Did you or he do any medical research into fits?
"Before I worked for the BBC I was a radiographer and I worked in the health service for ten years, so biology, physiology is something that absolutely fascinated me and still does. So I didn't really need to do any research. I had a pretty good background in looking at unpleasant diseases. I knew that I wanted his condition to look like something that could possibly happen. I didn't want him to go for a sort of distorted, Romero-esque zombie with the big forehead and all the rest of it. In fact, there's a scene in the film, a dream sequence where he's attacked by a zombie in the woods. A long-haired, really rotting-faced zombie. that was the original attack sequence that we used at the start of the film. I looked at it and I thought, 'It's too stylised, too over the top. We need to bring it down for it to be credible.' That ended up on the cutting room floor until late in the day when I thought, 'We could just do with something to end this dream scene. Oh yeah!' So it ended up back in the cut, which I was happy to see, after we shot it."
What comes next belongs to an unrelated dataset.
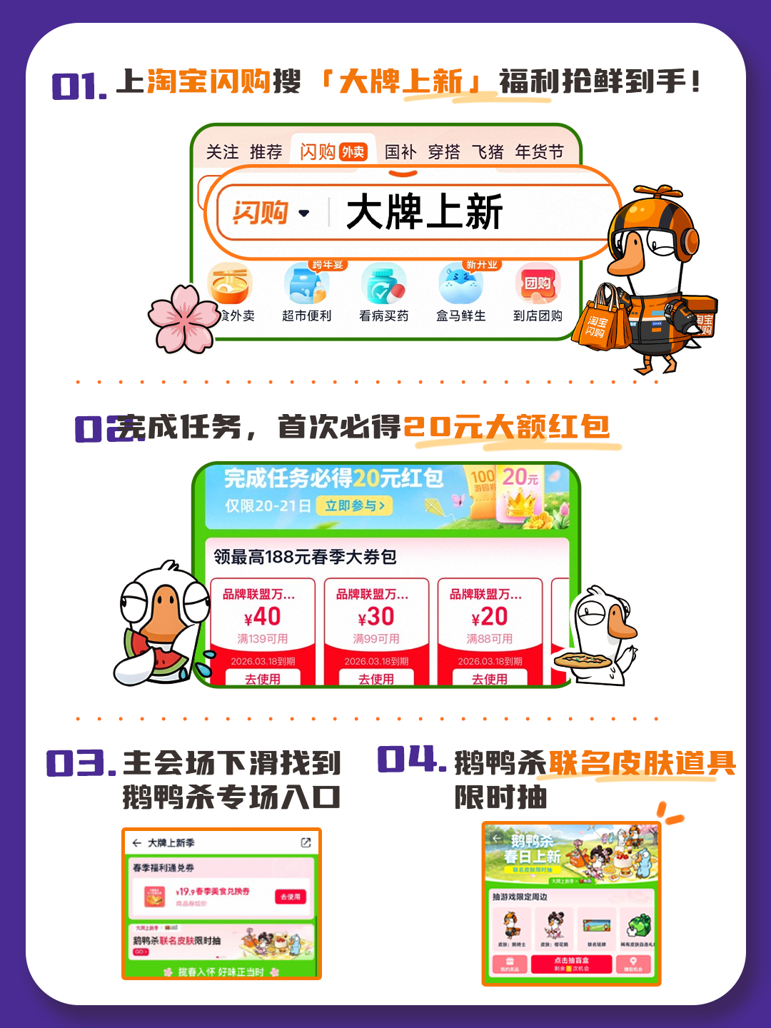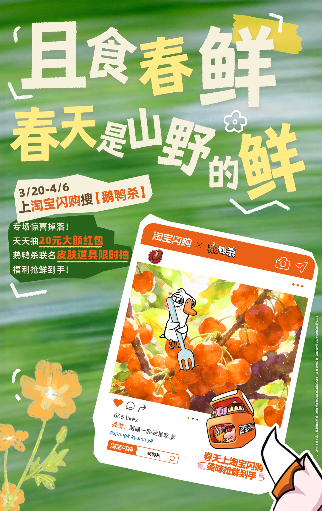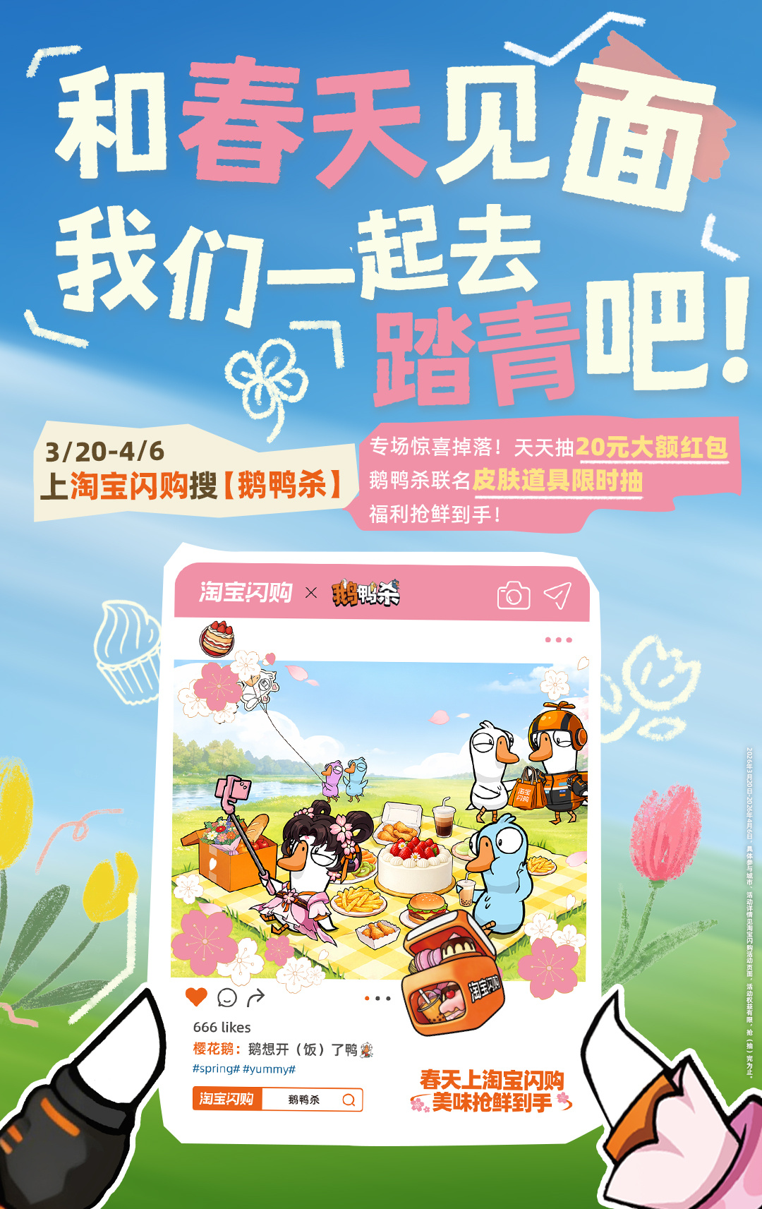 又到了春天适合踏青、聚会、鹅鸭杀的时候~所谓春江水暖鸭先知,淘宝闪购和鹅鸭杀联动的福利你不会不知吧?3月20日-4月6日上淘宝闪购搜【大牌上新】🧧天天抽20元大额红包🎉限时抽鹅鸭杀联名皮肤道具福利、皮肤、春日快乐一次性拉满!把送外卖玩成开放世界游戏了淘宝闪购大牌上新季 淘宝闪购联动鹅鸭杀

The make-up was also important.
"The make-up was really central to it for me. I've always loved horror films, the ones with good make-up and good effects, particularly good latex. I'm not really into digital effects; I really like a bit of latex and gore on the set. Even if it's badly done, to me it just looks wonderful! I was very lucky to get an 18-year old make-up guy called Paul Hyett who worked incredibly hard on the film, was very committed to it, on a minute budget. The proper cast effect, with moulded heads. He worked on it, he sculpted it, made the latex masks, put on the body parts, coloured them, put on the contact lenses. We did the whole works, and it was great. But in fact he looks at the film now and he cringes at various moments. He's distancing himself a little bit; he's now working in adverts and doing features and stuff. So he sees this occasionally ropy looking film that he worked on four years ago. But he was great."

So what next for you?
"At the moment I'm just writing a couple of films. I was thinking of starting one not many months away. I was going to leave it until after the Screen Edge release, just to get a bit more publicity, a bit more kudos. Some of the money's already in place. It'll be another little cheapy. I, Zombie was on 16mm; we might shoot it on super-16 which gives it slightly more sales potential in terms of blowing up to 35mm. But I'm happy to make another small scale film. I'm not interested in making any big jumps and going to LA and all the rest of it. I know the territory I'm comfortable with and we've just got to build on it. I've got some nice people interested again."

Are you taking I, Zombie around festivals?
"The problem with I, Zombie is I don't have a print of it which makes it a bit difficult for festivals. This is its first screening. There are one or two fantasy film festivals around the world that I'll be sending tapes off to as the year progresses. But it's one of those things where you start slowly and your PR starts working for you. The PR that Darrell did in Samhain really helped. It got people writing to me, which gives you a tremendous advantage really. As opposed to sending off a begging letter and a tape. So yes, it will be getting into more festivals and getting more publicity as the year goes on, hopefully."